Ethics in Medicine

Diesel Exhaust and Cancer

Kristen Sparrow • June 13, 2012

In the “First Do No Harm” category, we have more ill effects of burning fossil fuels. I think I may need to add a category called “People Being Afraid of the Wrong Things.”  With all the concern about terrorism, swine flu, Western Equine, and then something as ubiquitous as diesel fumes being highly carcinogenic, makes you think. This is pretty stern stuff and likely to affect policy and perhaps even some disability claims.  It will, hopefully, affect working conditions for some positions, such as miners and toll takers.  We’ve discussed some of the nasty effects of air pollution in recent posts for example the damage that small particles do in air pollution, and the toll that air pollution takes in terms of cardiac and even mental health.

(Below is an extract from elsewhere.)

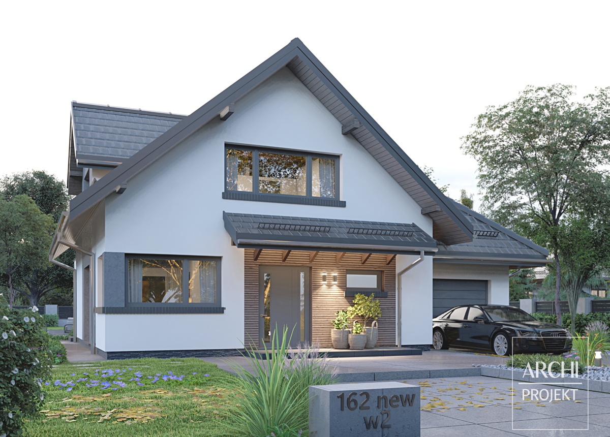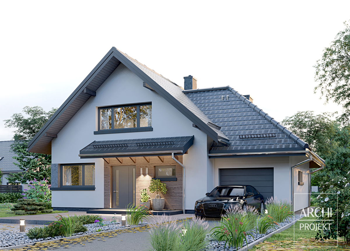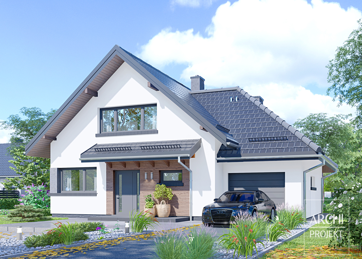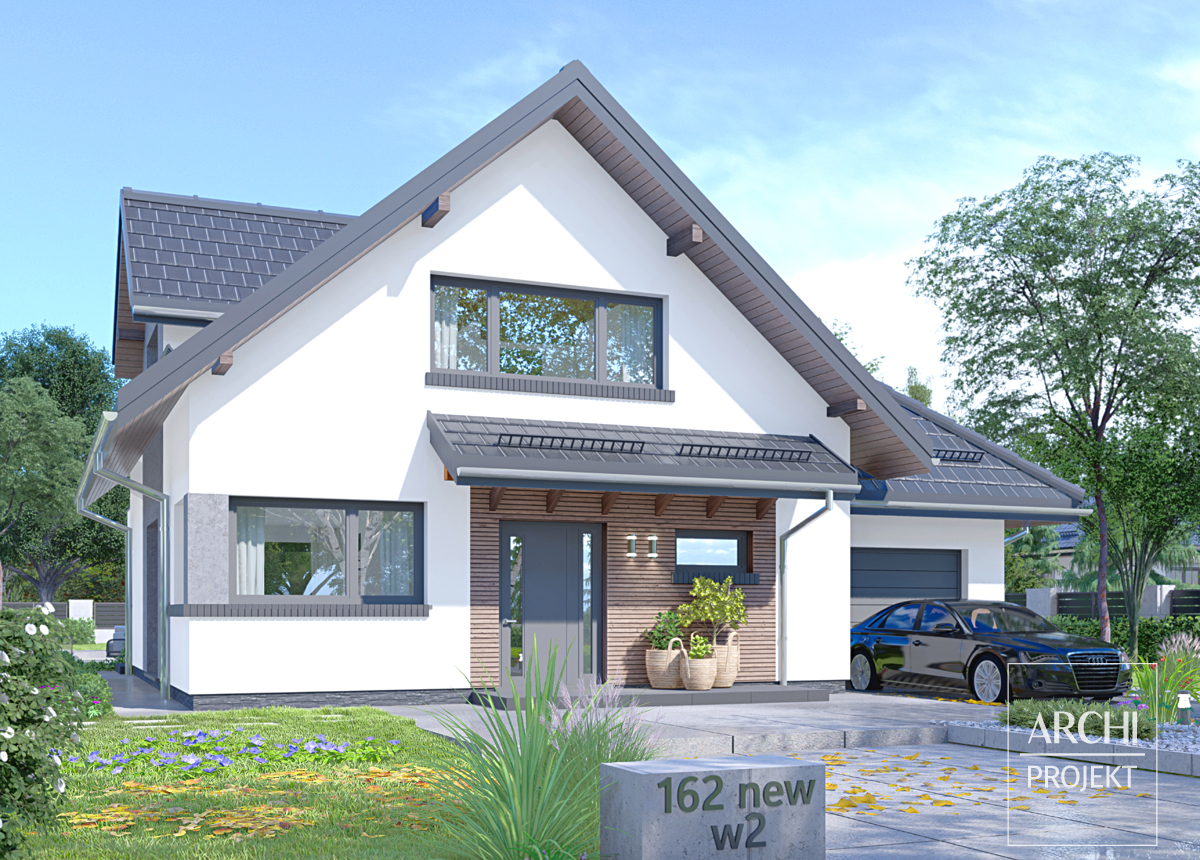 Funkcjonalny dom o atrakcyjnej nowoczesnej sylwetce i przejrzystym układzie wewnętrznym dla 4-5 osobowej rodziny i garażem wkomponowanym w bryłę domu. Daszek oparty na filarach osłania wejście do domu - bardzo praktyczne rozwiązanie w naszym klimacie. Przedsionek wejściowy posiada miejsce na szafę wnękową, obok znajduje się mała łazienka i garderoba. Część dzienna domu, składająca się z wygodnej kuchni (od strony frontowej), jadalni w wykuszu i obszernego pokoju dziennego z kominkiem zyskuje jeszcze na przestronności dzięki przestrzennemu połączeniu z hallem. Szerokie drzwi tarasowe zapewniają dobre oświetlenie pokoju dziennego. Poddasze zawiera trzy foremne sypialnie, garderobę i łazienkę (bez skosów), oraz strych nad garażem (z wejściem z półpiętra), który może stanowić rezerwę powierzchni np. na dodatkowy pokój lub pomieszczenie rekreacyjne. Garaż i kotłownia - na poziomie zbliżonym do poziomu terenu. Zobacz także projekt APS 162 w tradycyjnej stylizacji.

W.H.O. Declares Diesel Fumes Cause Lung Cancer
By DONALD G. McNEIL Jr.

Diesel fumes cause lung cancer, the World Health Organization declared Tuesday, and experts said they were more carcinogenic than secondhand cigarette smoke.

The W.H.O. decision, the first to elevate diesel to the “known carcinogen” level, may eventually affect some American workers who are heavily exposed to exhaust. It is particularly relevant to poor countries, where trucks, generators, and farm and factory machinery routinely belch clouds of sooty smoke and fill the air with sulfurous particulates…

“I don’t think it’s bad to have a diesel car,” Dr. Brawley added. “I don’t think it’s good to breathe its exhaust. I’m not concerned about people who walk past a diesel vehicle, I’m a little concerned about people like toll collectors, and I’m very concerned about people like miners, who work where exhaust is concentrated.”

 

Then this, which is a pretty big “Yikes!!”

Dr. Silverman, chief of environmental epidemiology for the National Cancer Institute, said her study of 50 years of exposure to diesel fumes by 12,000 miners showed that nonsmoking miners who were heavily exposed to diesel fumes for years had seven times the normal lung cancer risk of nonsmokers.

The W.H.O. decision was announced Tuesday in Lyon, France, after a weeklong scientific meeting. It also said diesel exhaust was a possible cause of bladder cancer. Diesel exhaust now shares the W.H.O.’s Group 1 carcinogen status with smoking, asbestos, ultraviolet radiation, alcohol and other elements that pose cancer risks.